▶ Work request:
Could you please output only the lines from the one holding "Fond de baby shower éléphant rose" through the end of the listing below, exactly as written and without pictures?

▶ Available data:
• • • • •
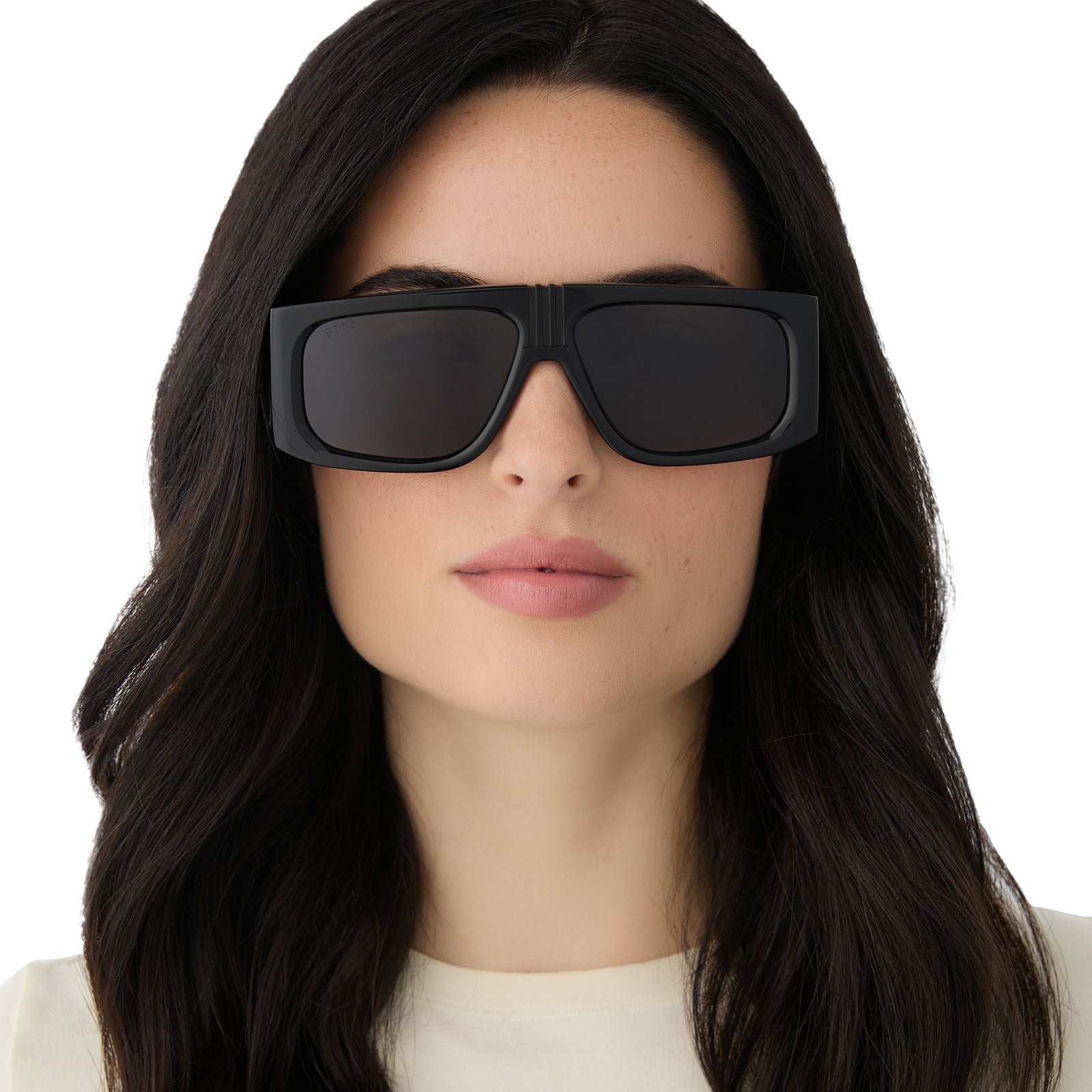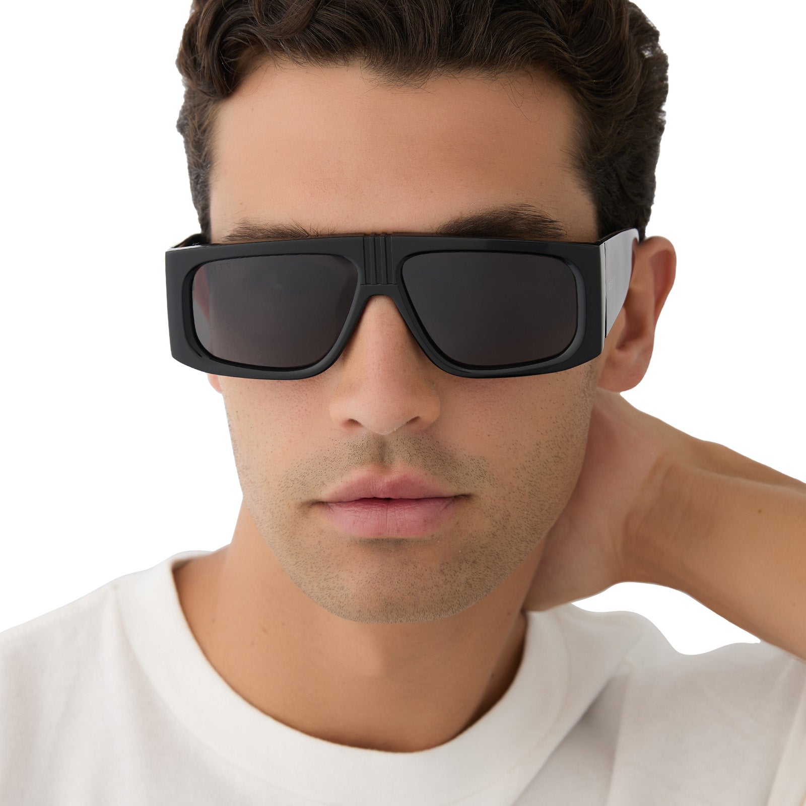 with dark black frames and lenses. Elevated carved acetate evokes the iconic look of Darth Vader's helmet, while the inside of the frames reveals core silver wiring. These shades embody the epic nature of the galaxy's most legendary figure.
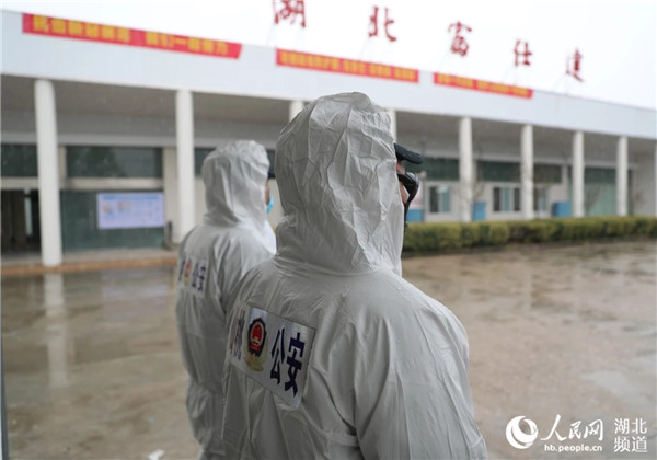 “車間門口一位只露出眼睛的工作人員站得筆挺!边@是人民日報記者在仙桃市彭場鎮(zhèn)裕民防護用品公司看到的一幕,這位記者眼中的工作人員其實是正在執(zhí)勤的民警。
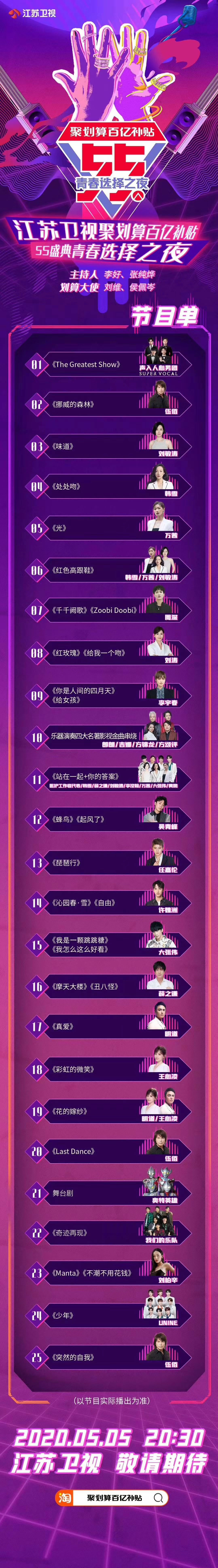 伍佰、王心凌、明道……在他们的歌声中有你的青春片段吗?今晚20:30江苏卫视55青春选择之夜,点燃青春梦,解锁回忆杀!节目单list抢先看~ 打开荔枝新闻客户端,带你直击现场,全程同步直播!
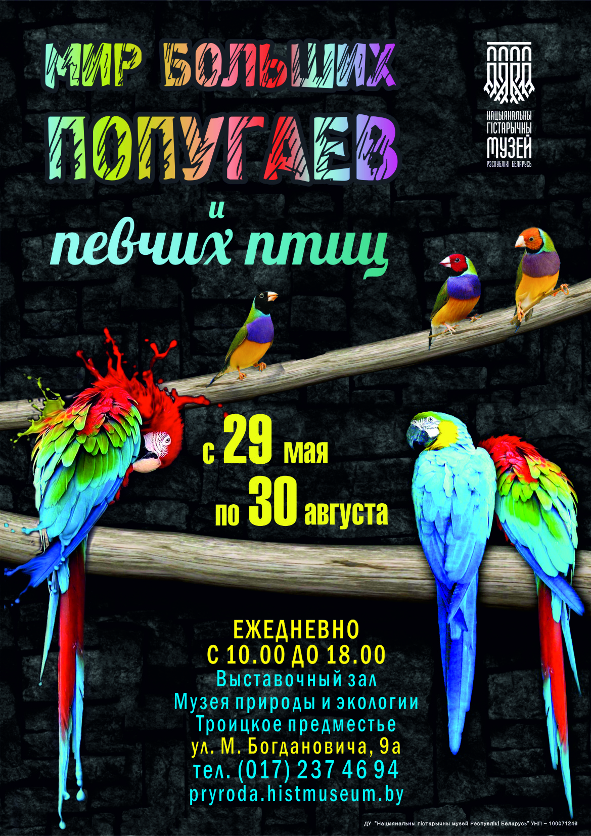 Посетителей ждёт знакомство с 40 разновидностями птиц. В рамках выставки всем гостям представится возможность увидеть: говорящего ара, большого белохохлого какаду, эклектуса, алохвостого жако, венесуэльского амазона, амадин, дальневосточного урагуса, чечетку, зяблика, овсянку и многих других птиц, которые покорят вас своей красивой песней и яркостью оперения.
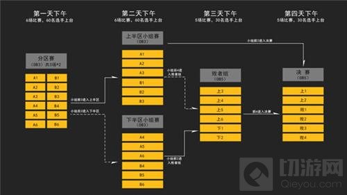 十二只队伍将在比赛首日(7月28日)通过分成A、B两组对抗的方式决出胜负,分别进入上半区小组赛、下半区小组赛。在上半区小组赛中取得前两名成绩的小组可直接晋级决赛,其余四组将与下半区小组赛中获胜的两组队伍再行对战,六进四,一争决赛席位。而此前各环节比赛甄选出的六支队伍将最终于决赛狭路相逢,一决胜负!
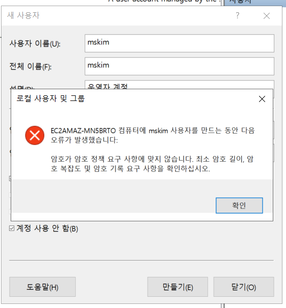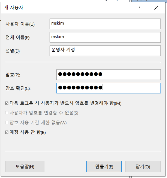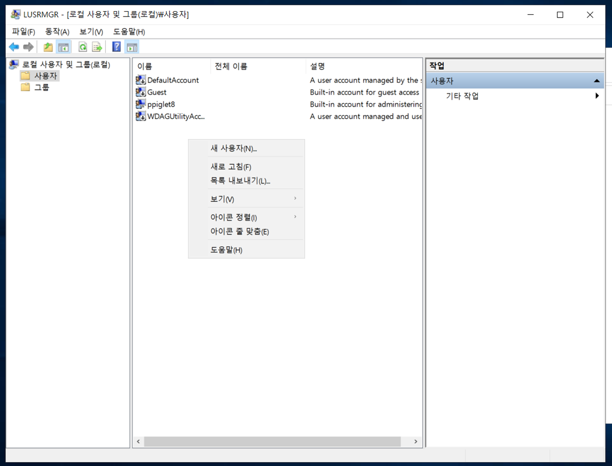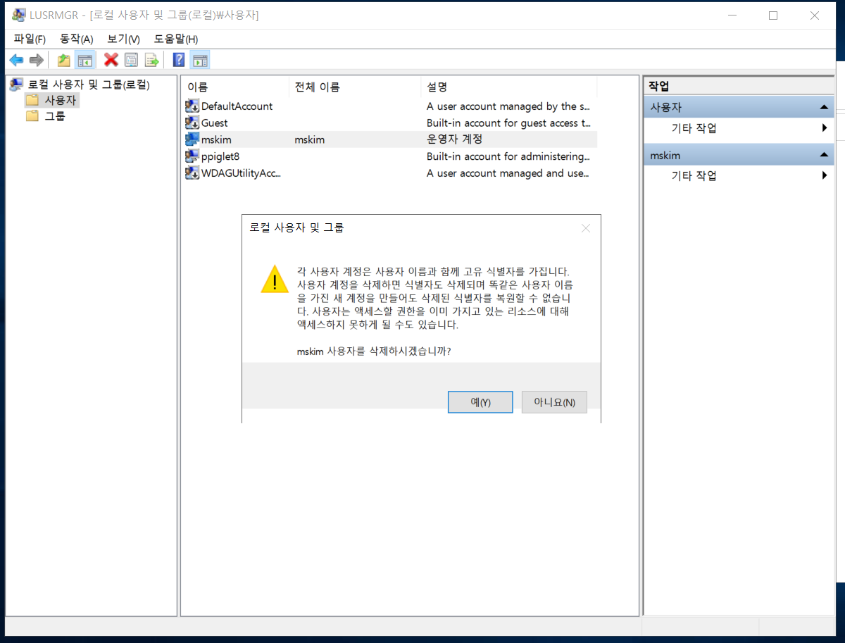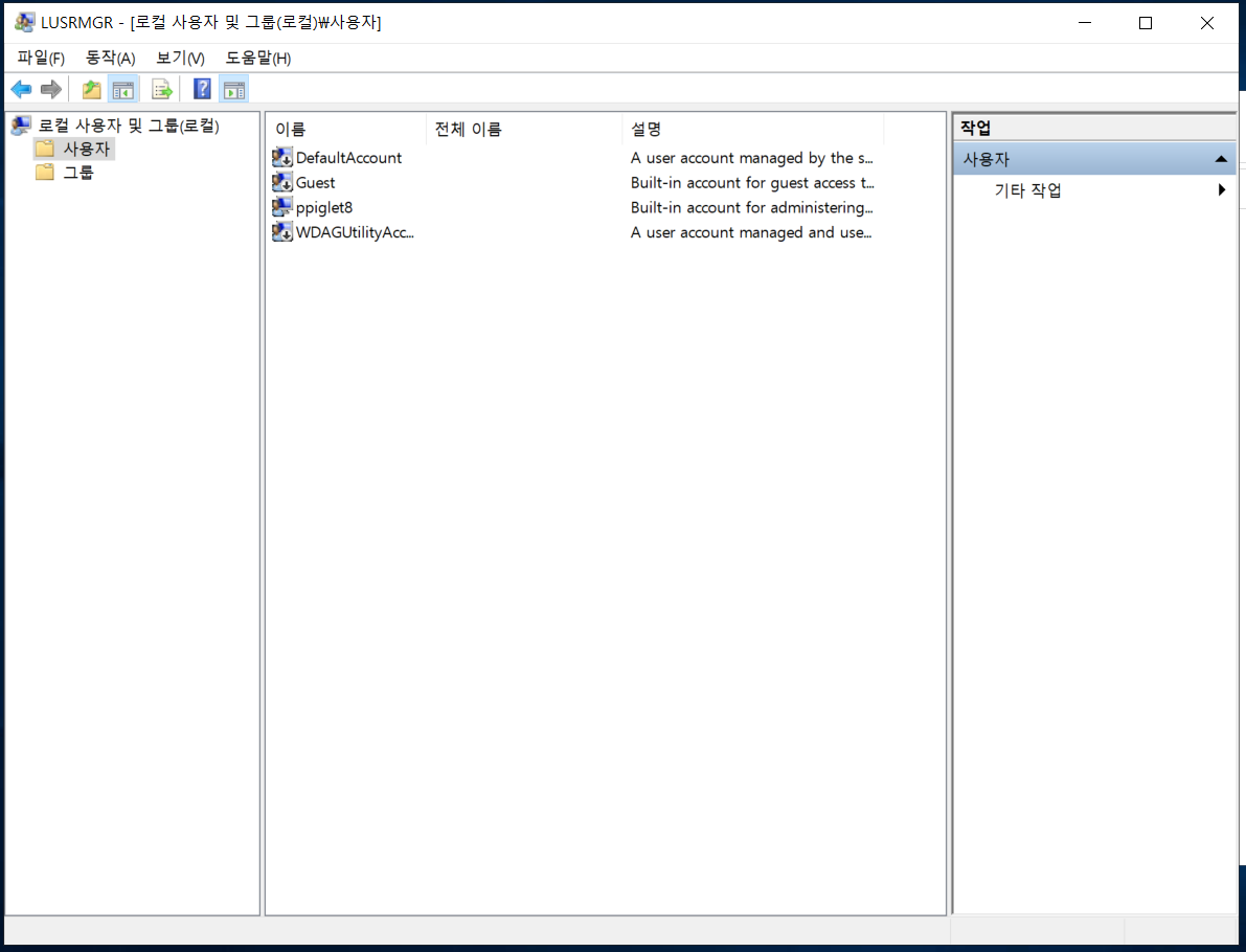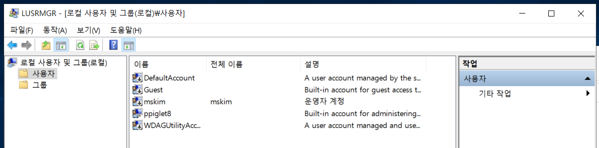 관리자 계정(ppiglet8), 운영자 계정(mskim)이 있고 그외의 DefaultAccount, WDAGUtilityAccount, Guest의 경우 모두 비활성화 되어 있는 계정입니다.
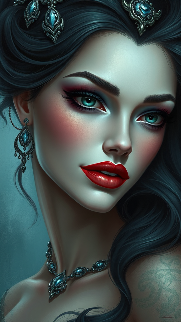 A stunning and elegant woman inspired by Ursula from Disney, exuding a mysterious allure and captivating beauty, painted with an Art Station style, enhanced with intricate details and a rich color palette, maintaining a balance between fantasy and realism, capturing the essence of enchantment and sophistication.
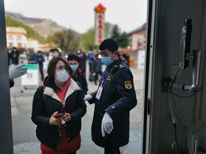 在現(xiàn)場,游客們均按照要求,間隔安全距離排隊。但與以往排隊入園不同的是,現(xiàn)場除了驗票,工作人員還會檢測體溫并檢查有無佩戴口罩。記者了解到,游客將統(tǒng)一在藍(lán)天停車場臨時游客中心乘坐觀光車進(jìn)入景區(qū),且全程必須佩戴口罩,保持安全距離,并服從景區(qū)檢測點體溫檢測等。景區(qū)對未持身份證件和未按規(guī)定佩戴口罩的游客,將按照疫情防控期間相關(guān)規(guī)定,拒絕辦理入園手續(xù)。
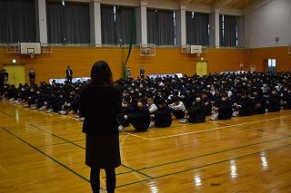 生活担当の奥泉先生からは、①先月までの皆さんの様子②冬服・防寒具の確認③自転車通学の判断について、話がありました。先月は生徒の皆さんの素敵な姿がたくさん紹介されましたね。冬がもう少しでやって来ます。冬の身だしなみについて確認し体調管理に努めるとともに、交通ルールの順守、自分自身の安全には十分配慮してください。
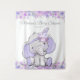 Fond de baby shower éléphant rose fille avec un adorable éléphant bébé fille avec un serre-tête mignon sur un beau fond floral aquarelle rose et violet. Vous pouvez ajouter le texte de votre choix, et vous pouvez changer la couleur de fond sur ce fond de baby shower éléphant violet mignon.
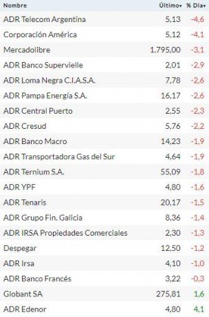 Entre las principales caídas de los ADRs de empresas argentinas aparecieron Telecom (-4,6%); Corporación América (-4,1%); Mercado Libre (-3,1%); Grupo Supervielle (-2,9%); Loma Negra (-2,6%); y Pampa Energía (-2,6%). Las únicas excepciones del día fueron Edenor (+4,1%); Globant (+1,6%); y Bioceres (+1,2%).
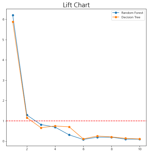 Lift Chart는 분류 모형을 사용하지 않았을 때보다 사용한 경우 얼마나 더 이익이 되는지를 시각적으로 나타낸 그림을 말한다. Lift Chart를 그리는 방법은 다음과 같다.
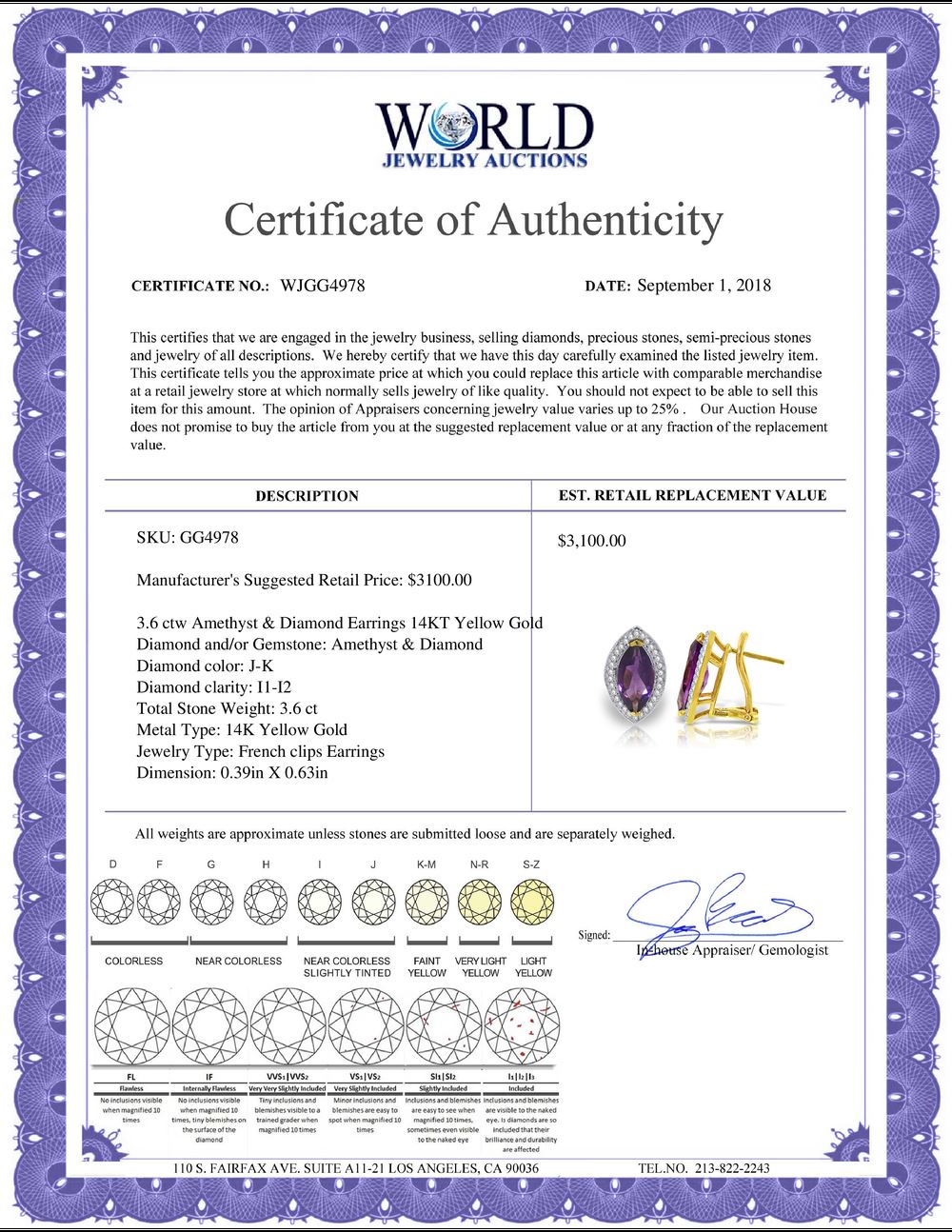 REF-102X2M - SKU: GG4978 ---- Genuine 3.6 ctw Amethyst & Diamond Earrings 14KT Yellow Gold
• • • • •
▶ Your response:
 Fond de baby shower éléphant rose fille avec un adorable éléphant bébé fille avec un serre-tête mignon sur un beau fond floral aquarelle rose et violet. Vous pouvez ajouter le texte de votre choix, et vous pouvez changer la couleur de fond sur ce fond de baby shower éléphant violet mignon.
 Entre las principales caídas de los ADRs de empresas argentinas aparecieron Telecom (-4,6%); Corporación América (-4,1%); Mercado Libre (-3,1%); Grupo Supervielle (-2,9%); Loma Negra (-2,6%); y Pampa Energía (-2,6%). Las únicas excepciones del día fueron Edenor (+4,1%); Globant (+1,6%); y Bioceres (+1,2%).
 Lift Chart는 분류 모형을 사용하지 않았을 때보다 사용한 경우 얼마나 더 이익이 되는지를 시각적으로 나타낸 그림을 말한다. Lift Chart를 그리는 방법은 다음과 같다.
 REF-102X2M - SKU: GG4978 ---- Genuine 3.6 ctw Amethyst & Diamond Earrings 14KT Yellow Gold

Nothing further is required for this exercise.